On July 4, 2023, Yoshiki announced the establishment of his high-fashion brand Maison Yoshiki Paris, which will produce ready-to-wear apparel for the international market. The brand will also produce wine and champagne glasses in collaboration with French crystal maker Baccarat. Kuki de Salvertes, who has worked with many designers including Vivienne Westwood and Raf Simons, was appointed as the fashion brand's development director.

In February 2024, Maison Yoshiki Paris debuted at Milan Fashion Week Fall/Winter 2024/25 at Bocconi University as part of the official calendar. The runway show featured an onstage musical performance by Yoshiki (including new songs and a collaboration with Hiroshi Fujiwara) and the production team included fashion stylist Carlyne Cerf de Dudzeele, casting director Maida Gregori Boina, hair stylist Odile Gilbert, and makeup artist Kabuki.
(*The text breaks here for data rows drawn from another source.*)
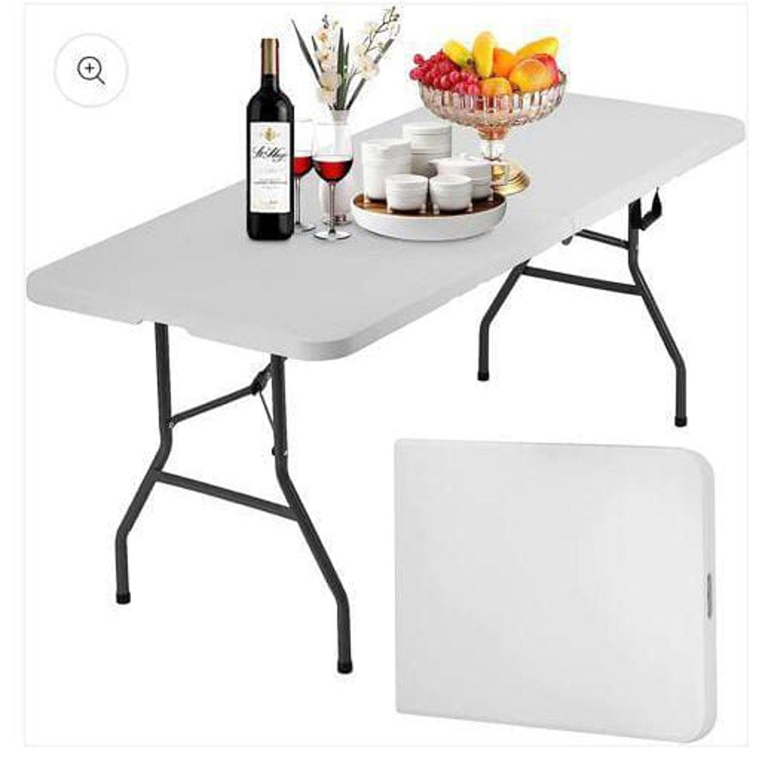 VERSATILE USAGE: Use it as a dining table for outdoor cookouts, game table for poker nights, or serving table for backyard birthday parties FOLDS AND LOCKS: Foldable design, side lock, and handle make it easy to take on the go or store away in a closet when not in use DURABLE TABLETOP: Strong plastic tabletop has an easy-to-clean surface that is able to hold food, drinks, and various other items STURDY SUPPORT: Powder-coated steel legs and non-slip rubber feet help to keep the table in place during every event
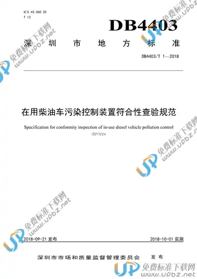 地方标准《在用柴油车污染控制装置符合性查验规范》由深圳市人居环境委员会归口上报,主管部门为深圳市市场监督管理局。本标准适用于在用柴油车的环保定期检验、现场检查、抽样抽测等环节。
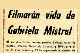 Filmarán vida de Gabriela Mistral [artículo] La Segunda (Santiago, Chile)-- mar. 5, 1975, p. 21. .
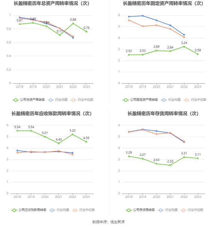 营运能力方面,2023年,公司公司总资产周转率为0.76次,上年同期为0.88次(2022年行业平均值为0.67次,公司位居同行业27/94);固定资产周转率为2.58次,上年同期为3.24次(2022年行业平均值为4.28次,公司位居同行业58/94);公司应收账款周转率、存货周转率分别为4.56次、3.11次。
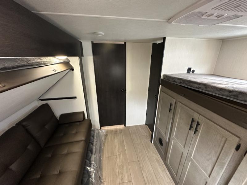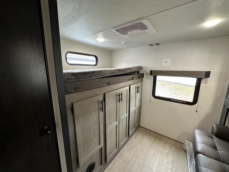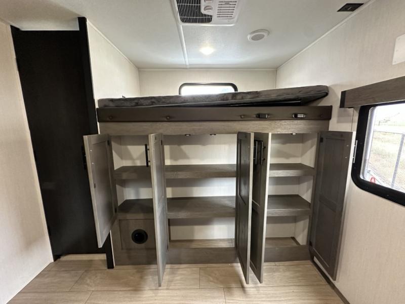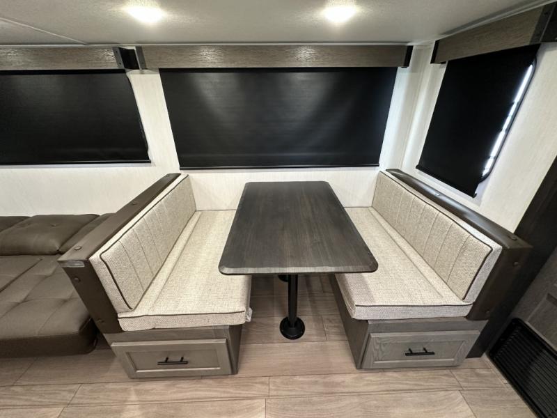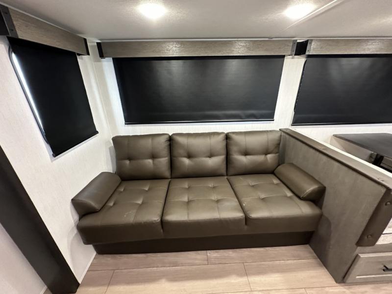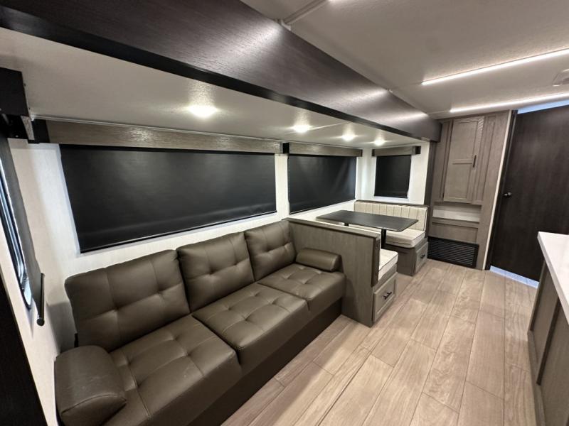 Load up your clothes, food, and outdoor gear to enjoy a long weekend away from the city in this travel trailer! There are triple slide outs, a private bunkhouse with a half bathroom with a second exterior entry/door for convenience, plus an outside kitchen, complete with ice! The bunkhouse also has two bunks, a jackknife sofa and a trundle bed, plus a slide out for more interior floor space. The main living and kitchen area is spacious as well with two opposing slides, a kitchen island with a large sink, a pantry, plus a cozy fireplace. The full walk-through bathroom allows double access, and the front bedroom allows you to sleep like royalty.
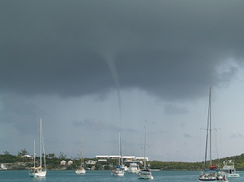 Into every life a little rain must fall but in the Bahamas the emphasis is on the “little” as there is way more sun than rain.  However, yesterday was a bit out of the ordinary with a waterspout followed by a number of impressive squalls and plenty of heavy if very brief rain.   This impressive scene was gone as quickly as it began. Tomorrow we will be moving a few miles to be closer to some great snorkeling spots.  Happily, the weather is going to be very calm so the heavy winds we have had will be in remission for a few days.  I can’t believe how fast the week is going.     Brenda in particular, is going to be in heavy duty withdrawal when the kids leave.    Me too.
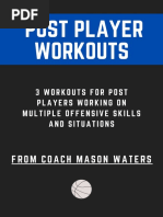 Low post moves 1. Drop step to baseline. After receiving the ball, feel where the defender is. If on the lane side, or high side, give a fake toward the lane. Then extend your inside (baseline) foot backward, pivot on it quickly to the baseline and to the hoop. Keep your body between the defender and the ball, and extend your arms forward toward the hoop. This way, the defender can only block your shot by going over your back ...usually a foul. See video clip. 2. Drop step to lane (jump hook). After receiving the ball, feel where the defender is. If on your baseline side, fake to the baseline, and drop your lane-side foot backward. Pivot quickly on that foot, and jump hook and shoot with the hand opposite the defender. See Hook Shot ; See video clip. 3. Turn and face defender and jab step. After receiving the ball, feel where the defender is. If directly behind you, and not toward either the lane or the baseline, pivot and face the defender, while protecting the ball. Give a quick jab step fake, and see what the defender's reaction is. If he/she drops back, just shoot high-percentage the baby jumper, often off the glass. If the defender does not back off the jab step, quickly drive around him/her. Go right at the defender's shoulder. Don't be afraid of a little contact, because usually the defender will not be planted after your jab step, and will get called for the foul (and you may make the basket as well). 4. Up and under move. After pivoting and facing the defender, fake a shot to get him/her to jump off the floor. The defender, once straightened up, or in the air, is easily beaten. Quickly duck under the defender on a straight line to the hoop. Again, don't be afraid to attack at the shoulder, as this is the straightest and quickest path to the hoop. If a foul is called, it usually will be called on the defender, who was caught up in the air and obviously not planted. See video clip. 5. Flash to the elbow or free throw line. Cut up to the free throw line (get out of the lane to avoid a 3-second call). Receive the ball, pivot and face the defender. You can now either fake a shot, and drive around the defender to the hoop, or jab step and fake the drive, and shoot the easy shot from the free throw line area. This move is especially useful if the player guarding you is much taller, and not as quick. You go high post to get the defender away from the basket. Once away from the hoop, you can use your quickness and drive around him/her. See video clip. 6. Back door lob. If the defender is in front of you, take him/her up to the free throw line. While the defender is still fronting you, take inside position and seal, and give the guard with the ball a signal. Cut back door to the hoop, receiving the lob pass from your teammate. 7. Learn to read the defense. See the low post information on the Basic Concepts of Motion Offense page. These moves are not easy at first. They require a lot of practice, first to perfect the moves themselves, and then to learn by experience which move to use in which situation. For example, if you beat the defender once or twice with the baseline drop step, then he/she will be looking for that move, and you can easily get the turn around jab step baby jumper, because the defender will back off. Just the opposite, if you have already made a couple baby jumpers, you can drop step either to the baseline or lane, or do the up and under move, since the defender will be looking for your jumper. The bottom line... perfect the moves by practicing, and vary your moves in the game. Be sure to see the video clips of the moves described above. Another real bonus is that frequently these moves will get the defender into foul trouble when trying to defend you. And if already in foul trouble, he/she won't challenge you, and you can get the easy inside basket. This is also very important... since you will get fouled a lot, become a good free throw shooter... make that defender pay for fouling you! Drills Low Post Breakdown Drills and 3-Man Rebounding Power Drill Also read the post moves on Basic Concepts of Motion Offense.

In September 2024, he presented his second collection of Maison Yoshiki Paris at the Pallais de Chaillot during Paris Fashion Week S/S 2025, for which Paris Jackson joined the production as runway model.

== Style ==
Yoshiki has stated that he intends for the brand to present genderless designs that can reach a global market while using fabrics locally sourced from France and Italy. "Maison Yoshiki Paris fuses my visions of fashion, design, and lifestyle with glamorous and genderless designs. I design not only the clothes, but the entire production, including the music."
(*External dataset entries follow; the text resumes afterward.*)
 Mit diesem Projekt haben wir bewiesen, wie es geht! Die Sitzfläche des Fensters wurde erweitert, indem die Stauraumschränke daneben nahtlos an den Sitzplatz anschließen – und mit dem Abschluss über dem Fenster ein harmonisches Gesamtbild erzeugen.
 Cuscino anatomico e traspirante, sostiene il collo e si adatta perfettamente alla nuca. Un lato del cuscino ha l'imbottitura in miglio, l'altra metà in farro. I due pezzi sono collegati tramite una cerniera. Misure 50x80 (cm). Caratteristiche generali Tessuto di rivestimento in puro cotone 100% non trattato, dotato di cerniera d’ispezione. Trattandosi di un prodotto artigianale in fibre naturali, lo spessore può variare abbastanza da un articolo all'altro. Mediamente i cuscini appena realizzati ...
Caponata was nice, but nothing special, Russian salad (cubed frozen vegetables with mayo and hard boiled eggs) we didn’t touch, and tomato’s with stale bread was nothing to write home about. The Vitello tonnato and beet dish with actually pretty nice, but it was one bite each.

In April 2025, in the New York Times Style Magazine, Yoshiki discussed Maison Yoshiki Paris in connection with the evolution of Japanese avante-garde fashion, saying it "couldn’t exist in a nation that wasn’t so deeply conformist that to create something truly original requires something else to push against."

== Critical response ==
Vogue Magazine praised the "perfect harmony" of "glamour and drama" in Yoshiki's designs, and Women's Wear Daily highlighted "the loud aesthetics core to Yoshiki’s creativity."

New York Magazine's The Cut said the 2024 debut line at Milan Fashion Week had "performance quality",  and Rain Magazine called the collection "a beacon of innovation and elegance".

== Selected features ==

- Flanelle, January 2026. "Blue" (photo: Matéo Blancher; style: Jeanne Philippe)
- Elle (US), September 2024. "Tough Love" (photo: Brigitte Niedermair; style: Patti Wilson)
- Genlux Magazine, Fall 2024. "Sole Inspiration" (photo: James Weber; style Mindy Saad)
- Elle (US), August 2024. "One of One: Anok Yai" (photo: Mario Sorrenti; style: Elle fashion director Alex White)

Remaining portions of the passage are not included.